The great Mavick ball at Newport, in the summer long remembered for its financial disasters, was very much talked about at the time. Long after, in any city club, a man was sure to have attentive listeners if he, began his story or his gossip with the remark that he was at the Mavick ball.

It attracted great attention, both on account of the circumstances that preceded it and the events which speedily followed, and threw a light upon it that gave it a spectacular importance. The city journals made a feature of it. They summoned their best artists to illustrate it, and illuminate it in pen-and-ink, half-tones, startling colors, and photographic reproductions, sketches theatrical, humorous, and poetic, caricatures, pictures of tropical luxury and aristocratic pretension; in short, all the bewildering affluence of modern art which is brought to bear upon the aesthetic cultivation of the lowest popular taste. They summoned their best novelists to throw themselves recklessly upon the English language, and extort from it its highest expression in color and lyrical beauty, the novelists whose mission it is, in the newspaper campaign against realism, to adorn and dramatize the commonest events of life, creating in place of the old-fashioned "news" the highly spiced "story," which is the ideal aspiration of the reporter.

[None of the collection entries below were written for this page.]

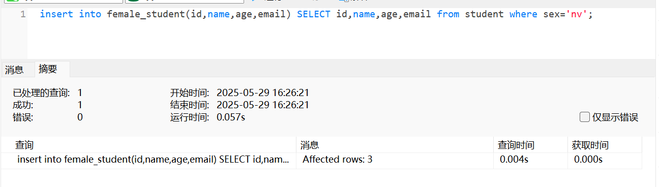 现在有这样一个需求,将student表中性别为女的学生信息提取出来存储到另外一张名为female_student的表中
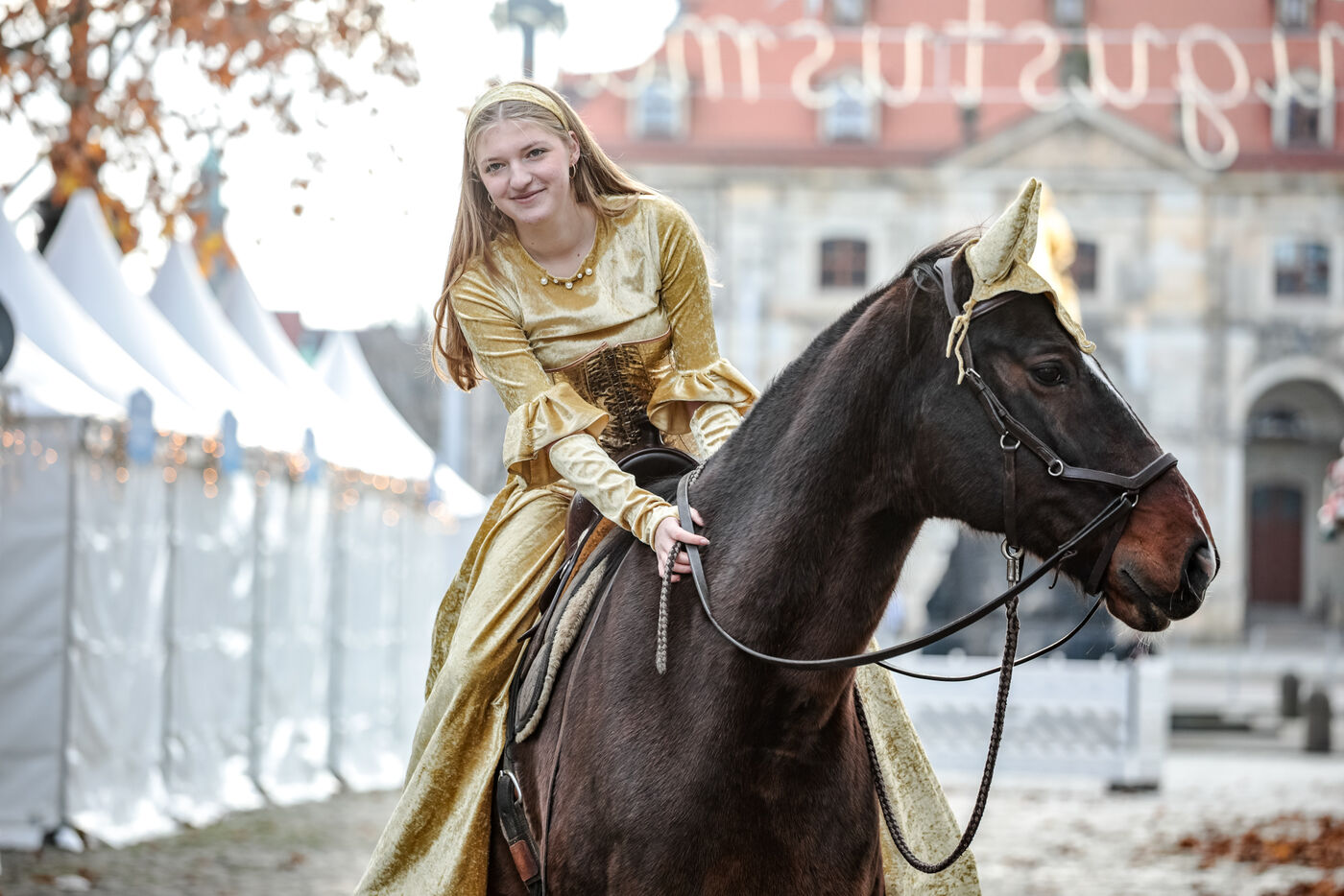 Und dieser hat eine neue Repräsentantin: Ab sofort übernimmt die 17-jährige Emma Börner aus Dresden das Amt der Goldenen Reiterin. Sie ist Abiturientin am Romain-Rolland-Gymnasium und aktive Reiterin. Gemeinsam mit Wallach Apollo wird Emma bei der Eröffnung des Marktes am kommenden Mittwoch dabei sein. Der Augustusmarkt gilt als längster Weihnachtsmarkt in Dresden. Nicht nur, weil er sich auf der Hauptstraße über 500 Meter erstreckt, sondern auch, weil der Markt täglich bis 21 bzw. 22 Uhr geöffnet ist und bis zum 4. Januar 2026 dauern wird .Ein besonderes Highlight ist die Silvesternacht, in der der Markt inklusive Musik bis 2 Uhr nachts geöffnet bleibt.
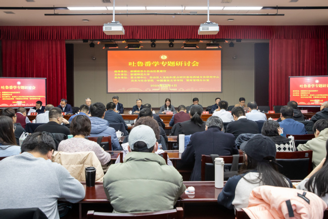 12月4日,吐鲁番学专题研讨会在新疆师范大学顺利召开。自治区党委宣传部、自治区教育厅、吐鲁番市委有关部门的负责同志参加会议。自治区党委教育工委副书记、教育厅党组副书记、厅长祖力亚提·司马义到会并致辞。新疆师范大学党委书记葛国致欢迎词。会议邀请了来自故宫博物院、中国人民大学、中山大学、武汉大学、新疆大学、新疆社会科学院、新疆博物馆、新疆文物考古所、新疆文博院、吐鲁番学研究院等高校和研究机构的知名专家作主题报告,并就如何加强新疆吐鲁番学研究进行交流座谈。会议由新疆师范大学党委常委、副校长王世杰主持。

Whatever may be said about the power of the press, it is undeniable that it can set the entire public thinking and talking about any topic, however insignificant in itself, that it may elect to make the sensation of the day--a wedding, a murder, a political scandal, a divorce, a social event, a defalcation, a lost child, an unidentified victim of accident or crime, an election, or--that undefined quickener of patriotism called a casus belli. It can impose any topic it pleases upon the public mind. In case there is no topic, it is necessary to make one, for it is an indefeasible right of the public to have news.

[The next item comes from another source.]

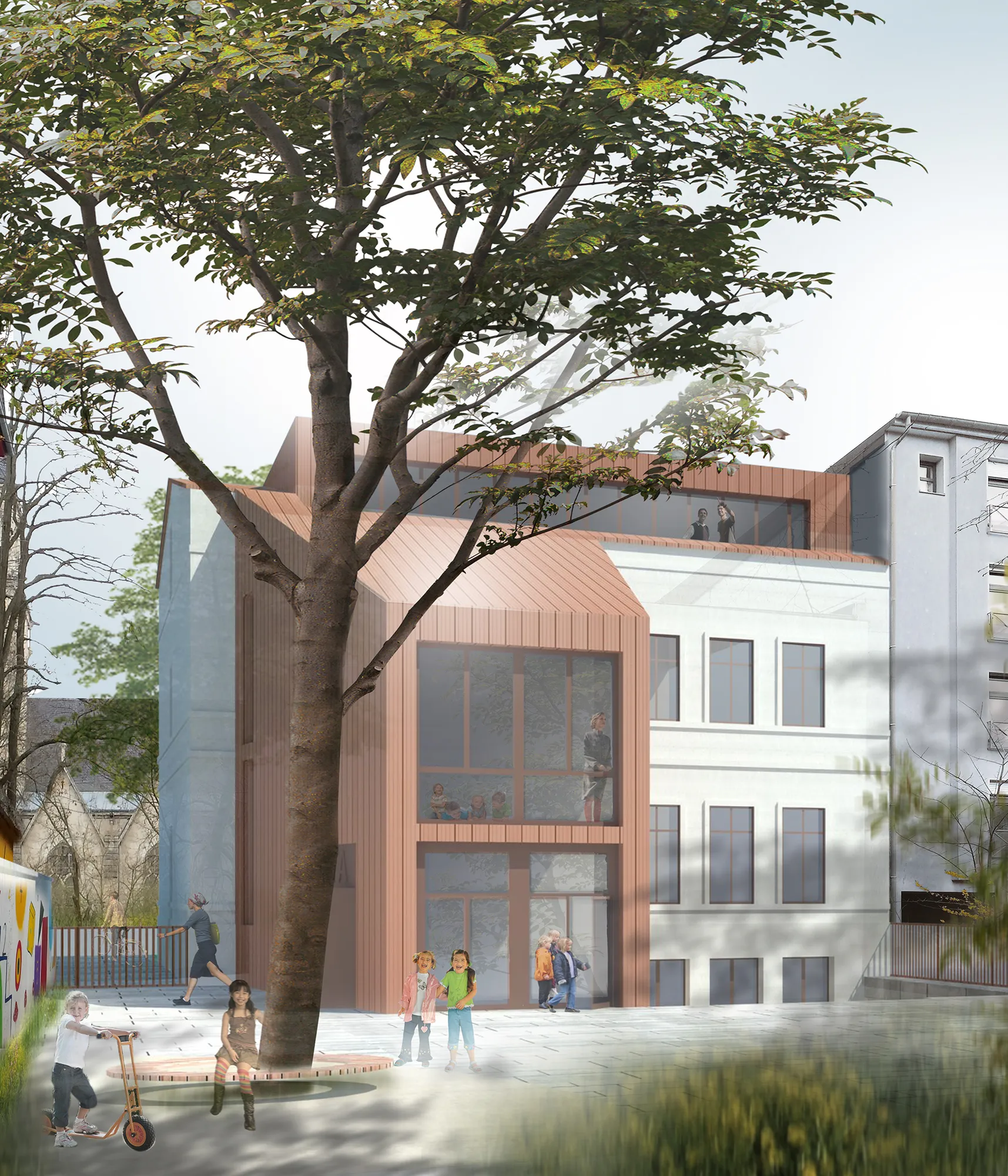 Gestalterisch wird das bestehende Satteldach über den Anbau weitergeführt, um insgesamt eine gestalterische Einheit zu erzielen. Da auch im Grundriss wird das Prinzip der Schrägen aufgegriffen wird, ergibt sich formal ein „Hütchen-Motiv“, das spielerisch die Nutzung des Hauses als komplexe Kindertagesstätte unter einem Dach (Hütchen) versinnbildlicht.

These reports of the Mavick ball had a peculiar interest for at least two people in New York. Murad Ault read them with a sardonic smile and an enjoyment that would not have been called altruistic. Philip searched them with the feverish eagerness of a maiden who scans the report of a battle in which her lover has been engaged.

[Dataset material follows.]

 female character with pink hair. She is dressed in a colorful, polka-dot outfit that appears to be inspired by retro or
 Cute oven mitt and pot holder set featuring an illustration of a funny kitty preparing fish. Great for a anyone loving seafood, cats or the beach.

All summer long he had lived upon stray bits of news in the society columns of the newspapers. To see Evelyn's name mentioned, and only rarely, as a guest at some entertainment, and often in connection with that of Lord Montague, did not convey much information, nor was that little encouraging. Was she well? Was she absorbed in the life of the season? Did she think of him in surroundings so brilliant? Was she, perhaps, unhappy and persecuted? No tidings came that could tell him the things that he ached to know.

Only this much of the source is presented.